What needs to be done
Give the listing back in full, exactly as written, with the pictures removed.

Supplied information Start Marker

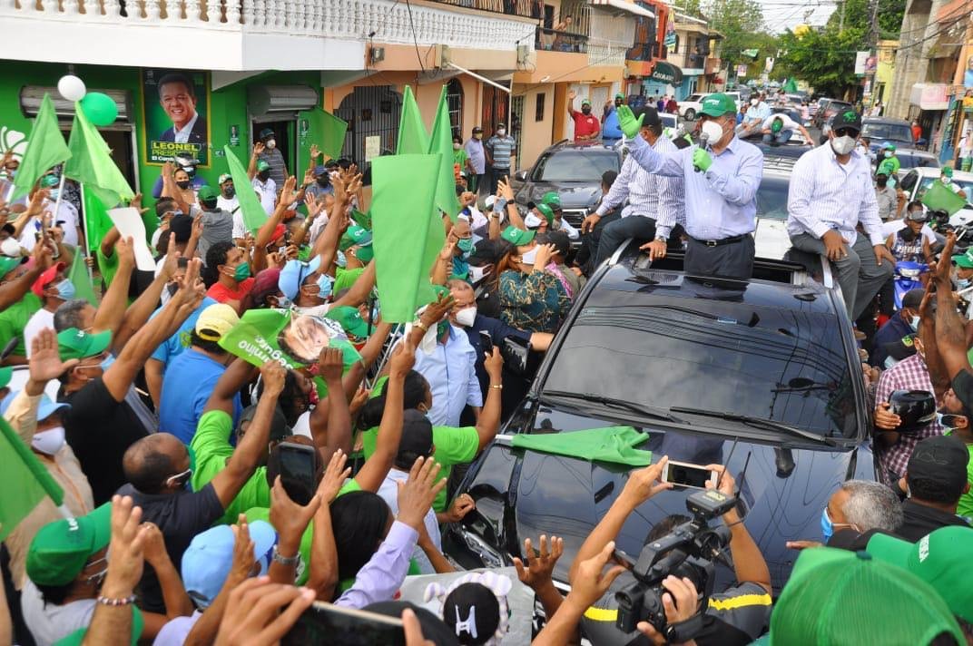 Miles de ciudadanos con sus mascarillas puestas abarrotaron las calles de los municipios de Santo Domingo Este y Norte, en donde se observó a hombres, mujeres y jóvenes en los balcones con banderas y pancartas alusivas al líder de la Fuerza del Pueblo.
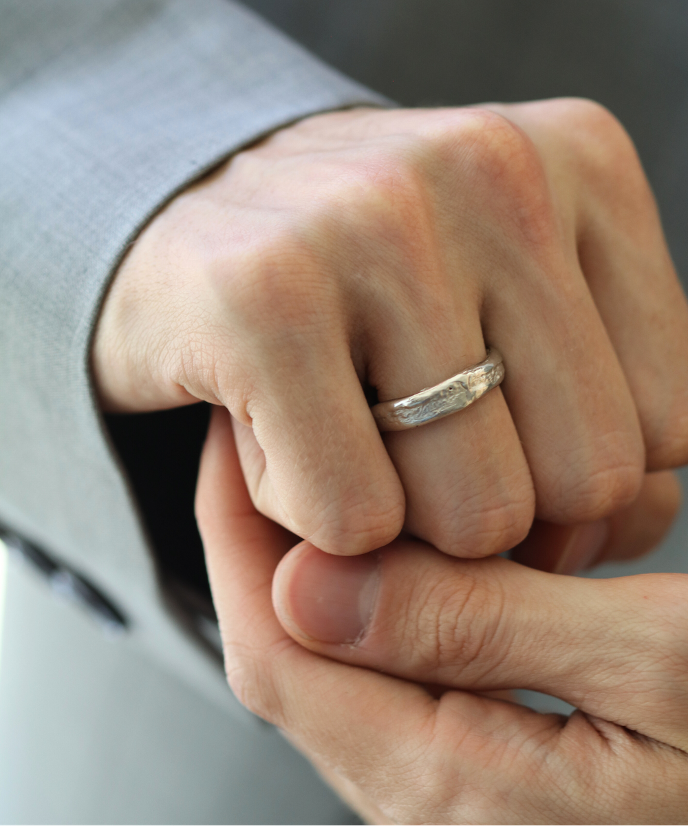 Specifications: Photo shows 5mm width in Platinum –– see also our listing for the narrow molten band in platinum.
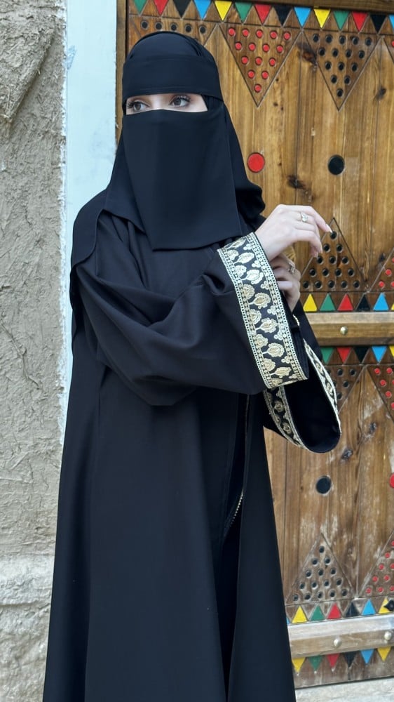 - الطرحة / اسود بطرف ذهبي (مجانية مع العباية )

Supplied information End Marker

Expected answer
 Miles de ciudadanos con sus mascarillas puestas abarrotaron las calles de los municipios de Santo Domingo Este y Norte, en donde se observó a hombres, mujeres y jóvenes en los balcones con banderas y pancartas alusivas al líder de la Fuerza del Pueblo.
 Specifications: Photo shows 5mm width in Platinum –– see also our listing for the narrow molten band in platinum.
 - الطرحة / اسود بطرف ذهبي (مجانية مع العباية )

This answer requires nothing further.